The foregoing shows and describes the general principles and broad features of the present invention and advantages thereof. It will be understood by those skilled in the art that the present invention is not limited to the embodiments described above, which are described in the specification and illustrated only to illustrate the principle of the present invention, but that various changes and modifications may be made therein without departing from the spirit and scope of the present invention, which fall within the scope of the invention as claimed. The scope of the invention is defined by the appended claims and equivalents thereof.

Claims

1. A video behavior identification method for monitoring illegal fishing is characterized in that the specific position of an illegal fishing target in a video is detected and behavior identification is carried out on the target, and the method comprises the following steps:

2. The video behavior recognition method for monitoring illegal fishing according to claim 1, wherein in the process of matching default boxes, each default box is matched with a real tag box, each default box is selected to correspond to the real tag box with the largest IOU value, one default box can only correspond to one real tag box, and one real tag box corresponds to a plurality of default boxes.

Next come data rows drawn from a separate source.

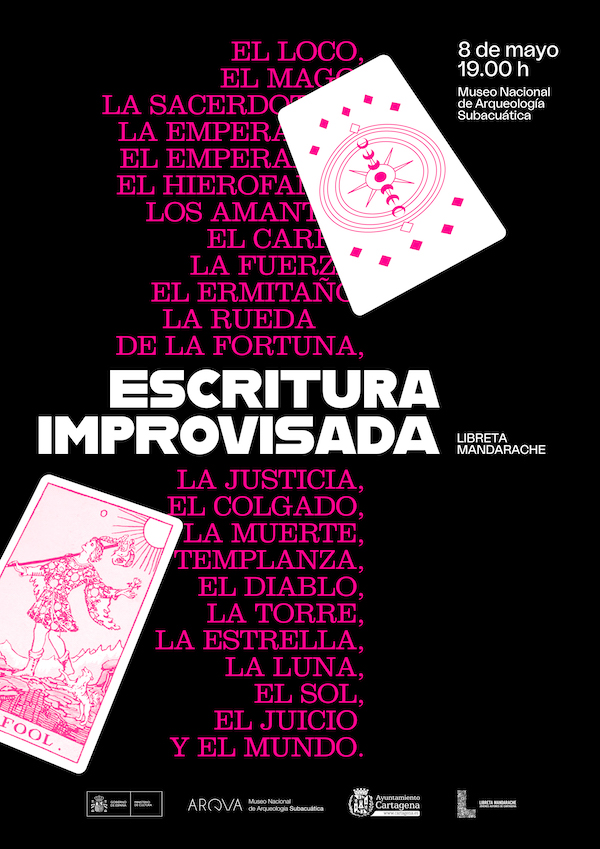 El Museo Nacional de Arqueología Subacuática ARQVA, museo estatal dependiente del Ministerio de Cultura, celebrará una acción de escritura en vivo, con motivo de la clausura del taller de escritura creativa Libreta Mandarache, que tendrá lugar en la sala de exposiciones temporales del museo el 8 de mayo a las 19:00 horas, con acceso libre y gratuito hasta completar aforo.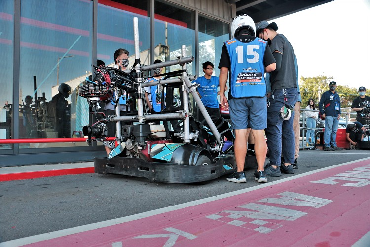 ▲辛苦的器材組在雙座卡丁車後方架上專業攝影機,控頭學員坐在副駕捕捉後方車輛。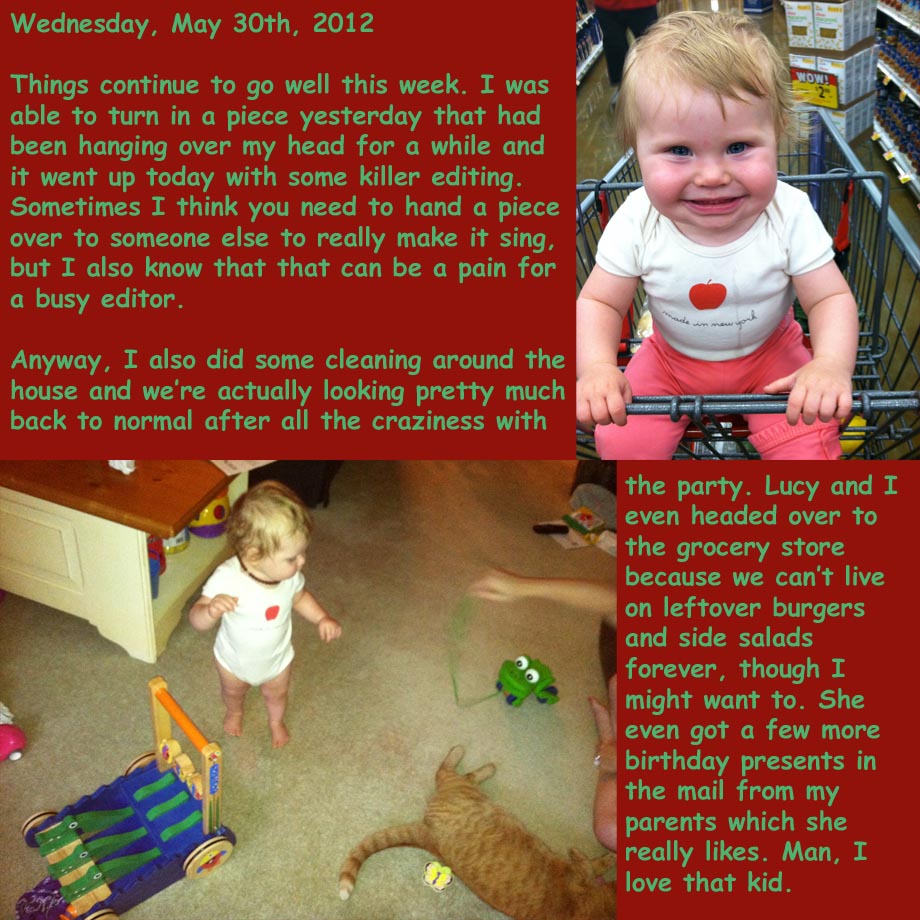 June 1, 2012June 27, 2012 TJDietsch Photo Diary: Wednesday, May 30th, 2012 Share this: Click to email a link to a friend (Opens in new window) Email Click to share on X (Opens in new window) X Click to share on Facebook (Opens in new window) Facebook Click to share on Reddit (Opens in new window) Reddit Like Loading... Related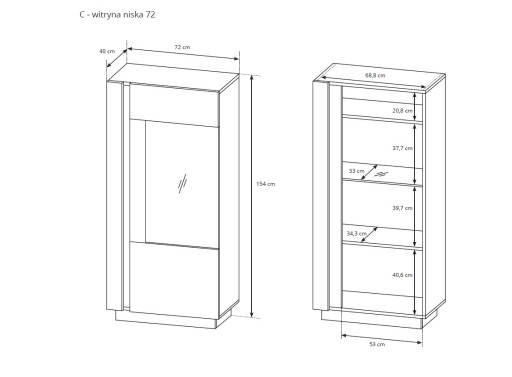 - Oświetlenie LED za dopłatą do: SZAFKI RTV / WITRYNA WYSOKA / WITRYNA NISKA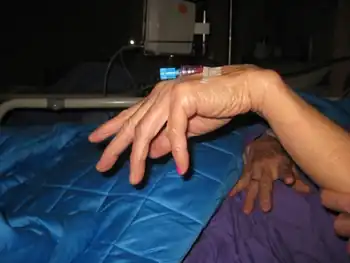 • Neuropathy in the hands and/or arms in patients with rheumatoid arthritis may in rare cases cause wrist drop. "When a joint swells, it can pinch the nerves of sensation that pass next to it. If the swelling irritates the nerve, either because of the inflammation or simply because of pressure, the nerve can send sensations of pain, numbness, and/or tingling to the brain. This is called nerve entrapment. Nerve entrapment most frequently occurs at the wrist (carpal tunnel syndrome) and elbow (ulnar nerve entrapment). A rare form of nerve disease in patients with rheumatoid arthritis that causes numbness and/or tingling is neuropathy. Neuropathy is nerve damage that in people with rheumatoid arthritis can result from inflammation of blood vessels (vasculitis)."[3]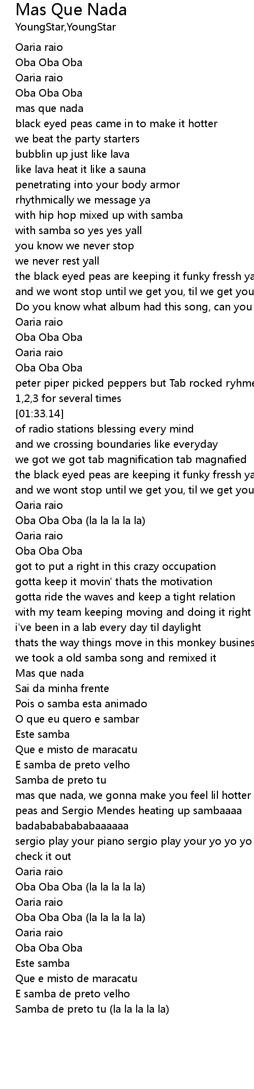 | [02:53.90] | mas que nada, we gonna make you feel lil hotter |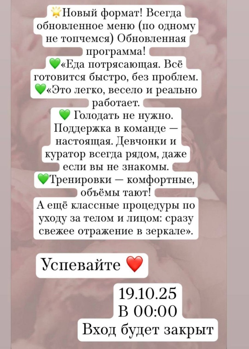🏆Стартуем уже завтра! 🚀Если и вы чувствуете, что пора перезагрузиться – самое время начать! Ведь программа даёт мощный запуск жиросжигания и обновления всего организма без голода! 📎 Сразу вы получите доступ к чату, где вас ждет много интересного! 📎 Чат для всех участниц открыт, завтра мы разберем все непонятные для кого либо вопросы,познакомимся с меню ,рекомендациями и информацией! 📎 В понедельник откроются первые уроки и рецепты и мы начнем путь к нашей здоровой ,стройной жизни ! Присоединяйтесь ❤️ Написать и забронировать можно по ссылкам: 🍒VK - vk.com/olgaf2209 ( написать мне лично) 🍒Группа в VK - vk.com/ofdiet2022 🍒TG - t.me/Olqaf2209 🍒 Курс длится 21 день! ✨ 💰 Стоимость участия для новеньких участниц или тех, кто не проходил данную программу от 6 месяцев: 1799р , Далее :если возвращаетесь в течении 6 месяцев или переходите в следующий курс 1599 р ! 📍 **Формат: онлайн, доступный каждому!

3. The video behavior recognition method for monitoring illegal fishing according to claim 2, wherein in the process after matching the default frame;

4. The video behavior recognition method for monitoring illegal fishing according to claim 3, wherein all the generated default frames are screened by using a maximum suppression method to obtain a final target area;

5. The video behavior recognition method for monitoring illegal fishing according to claim 4, wherein the maximum suppression method is used to screen all the generated default frames to obtain the final target area according to the formula:

6. The video behavior recognition method for monitoring illegal fishing according to claim 1, wherein the target positioning picture is inputted into the behavior recognition model to determine whether it is illegal fishing behavior, comprising the steps of:

7. The video behavior recognition method for monitoring illegal fishing according to claim 6, wherein the behavior recognition model comprises 8 convolutional layers, 5 pooling layers and 3 full-link layers, and the model is trained by using time information;

8. The video behavior recognition method for monitoring illegal fishing according to claim 7, characterized in that in order to maintain the early time information setting, 3D pooling layers are used in the behavior recognition model, the kernel size of the first and second pooling layers is 1 x 2, step 1 x 2; all the other 3D pooling layers were 2 x 2 with step size of 2 x 2; the first number of pooling layers is time depth, pooling over individual frames when time depth is 1, pooling between multiple frames when time depth is greater than 1, the former being advantageous to preserve the time characteristics of the initial stage.